• _Data excerpts_:
----------
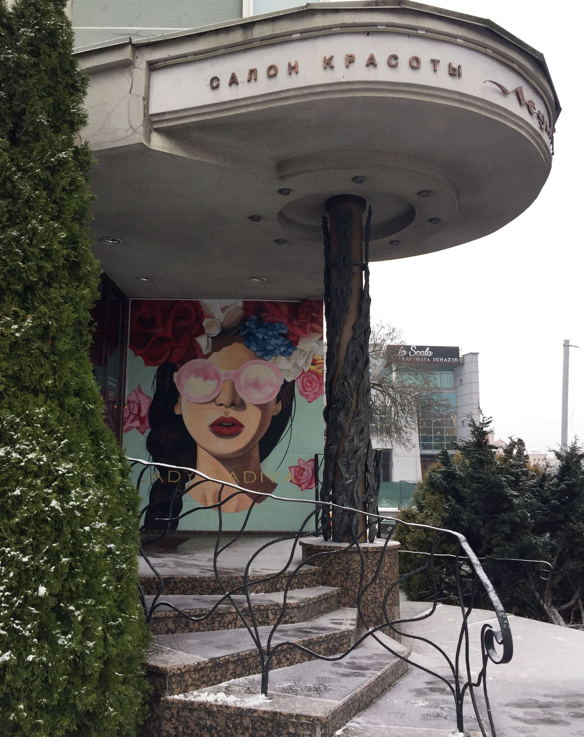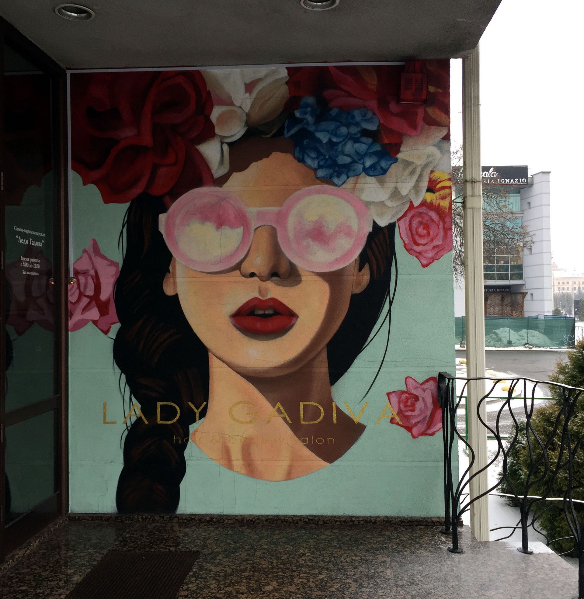 Яркий персонаж, рисунок на стене для салона красоты.
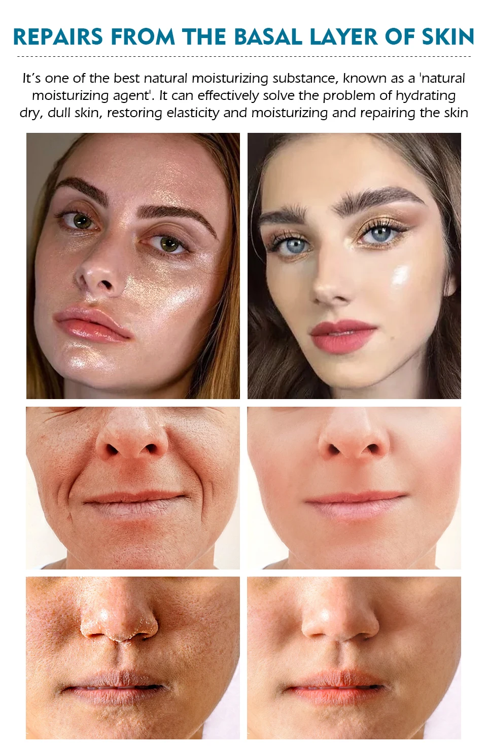 Восстанавливает базальный слой кожи. Это одно из лучших натуральных увлажняющих веществ, известное как «естественное увлажняющее средство». Он может эффективно решить проблему увлажнения сухой, тусклой кожи, восстанавливая эластичность, увлажняя и восстанавливая кожу
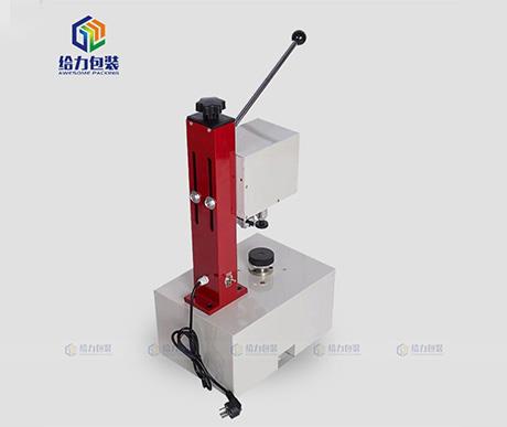 1)把灌好液體并套上蓋子的瓶子放到下托盤上,靠在v型支塊內,一手扶住瓶子,另一手將手柄朝后往下拉。這時托盤托著瓶子向上抬起,直到瓶蓋與軋蓋頭壓緊。
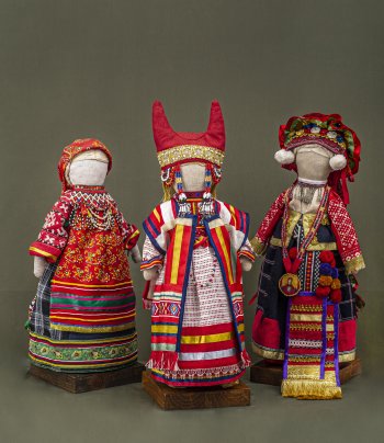 Сейчас Ирина не преподает. Слишком много времени уходит на работу в музее и создание собственных авторских изделий. Особое место среди них занимают куклы. Для этих девочек ростом около 40 сантиметров она детально воссоздает рязанские народные костюмы. С традиционной многослойностью, разнообразием тканей и фактур и, конечно, вышивкой. Куколки всегда собирают массу комплиментов на выставках. Порой потом уходят жить в новый дом. Купить их, к слову, только так и можно. На заказ автор не работает.
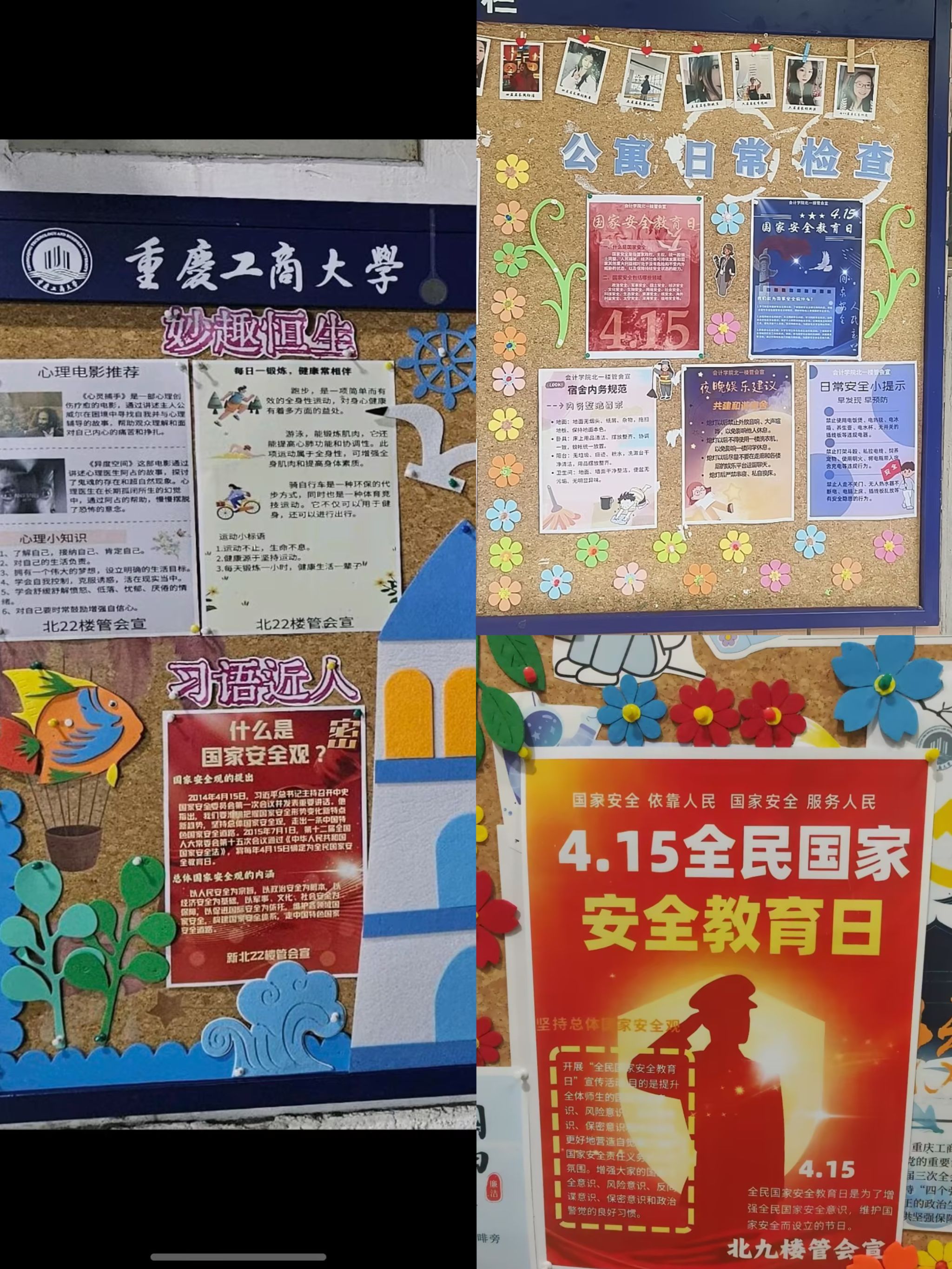 系列活动二:国家安全进学生公寓。OK138太阳集团坚持把国家安全教育纳入学生的日常学习生活中,积极拓展师生线下学习国家安全知识的渠道。4月15日,学院紧扣国家安全教育工作主旨,依托主体楼栋育人阵地,开展国家安全主题宣传活动。一方面,联合分管的楼栋,在北一、北九、北二十二公寓楼栋宣传栏及学院学生工作公示栏张贴主题宣传海报,开设国家安全教育专栏,吸引了众多同学驻足观看;另一方面,通过转载、推送国家安全教育、总体国家安全观知识至各班级群,线上线下营造了浓厚的国家安全教育氛围。
----------
• _Task to complete_: Exclude all images and return the listing word for word.

• _Answer to this task_:
 Яркий персонаж, рисунок на стене для салона красоты.
 Восстанавливает базальный слой кожи. Это одно из лучших натуральных увлажняющих веществ, известное как «естественное увлажняющее средство». Он может эффективно решить проблему увлажнения сухой, тусклой кожи, восстанавливая эластичность, увлажняя и восстанавливая кожу
 1)把灌好液體并套上蓋子的瓶子放到下托盤上,靠在v型支塊內,一手扶住瓶子,另一手將手柄朝后往下拉。這時托盤托著瓶子向上抬起,直到瓶蓋與軋蓋頭壓緊。
 Сейчас Ирина не преподает. Слишком много времени уходит на работу в музее и создание собственных авторских изделий. Особое место среди них занимают куклы. Для этих девочек ростом около 40 сантиметров она детально воссоздает рязанские народные костюмы. С традиционной многослойностью, разнообразием тканей и фактур и, конечно, вышивкой. Куколки всегда собирают массу комплиментов на выставках. Порой потом уходят жить в новый дом. Купить их, к слову, только так и можно. На заказ автор не работает.
 系列活动二:国家安全进学生公寓。OK138太阳集团坚持把国家安全教育纳入学生的日常学习生活中,积极拓展师生线下学习国家安全知识的渠道。4月15日,学院紧扣国家安全教育工作主旨,依托主体楼栋育人阵地,开展国家安全主题宣传活动。一方面,联合分管的楼栋,在北一、北九、北二十二公寓楼栋宣传栏及学院学生工作公示栏张贴主题宣传海报,开设国家安全教育专栏,吸引了众多同学驻足观看;另一方面,通过转载、推送国家安全教育、总体国家安全观知识至各班级群,线上线下营造了浓厚的国家安全教育氛围。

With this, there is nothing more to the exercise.